Plaines vallonnées de Souardie, village de Glinin. On y retrouve Lanfeust fiancé à C’ian et sa sœur Cixi, déjà une vraie peste. Puis il y a Bastor, le plus fort, Couillalère, son petit frère, Staga le plus intelligent mais aussi Nicolède le sage, Gramlot le forgeron ou encore Roulefût le tavernier…

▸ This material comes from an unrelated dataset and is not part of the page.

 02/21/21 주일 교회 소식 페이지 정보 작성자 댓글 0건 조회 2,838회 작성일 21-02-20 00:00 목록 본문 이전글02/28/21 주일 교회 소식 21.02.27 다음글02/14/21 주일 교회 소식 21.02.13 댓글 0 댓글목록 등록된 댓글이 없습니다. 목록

Entre C’ian qui apprend de Cixi qu’elle est une princesse, les ballons gonflables en forme de lapins, les 3 garçons qui se pochetronnent chez Roulefût, Cixi qui ne se sent pas bien à la vue de son cours de géométrie, les lectures croisées de C’ian et Lanfeust, les mystérieux œufs couvés par le futur héros, la nouvelle invention de Staga : un dragon mécanique, Gramlot qui devient vétérinaire, Staga qui est amoureux de Cixi, C’ian qui tricote une culotte pour le petit frère de Bastor ou encore les enfants devant un spectacle de marionnettes… tout n’est pas rose dans le petit village. Les mini-héros en font voir de toutes les couleurs aux adultes.

Voilà une série folle et amusante de Christophe Arleston et Didier Tarquin ! Les gags en une planche sont très drôles et font mouche à chaque fois. Pas de fausse note dans ce délire burlesque du scénariste prolifique. L’univers de l’enfance de Lanfeust et ses copains est formidable. Les bêtises s’enchaînent à chaque page pour le plus grand bonheur des jeunes lecteurs. Les fans de la série Lanfeust de Troy goûteront aussi l’humour ravageur de Gnomes de Troy. Le trait, beaucoup plus rond que pour la série-mère de Didier Tarquin rend parfaitement le grain de folie de cette série. Une belle réussite !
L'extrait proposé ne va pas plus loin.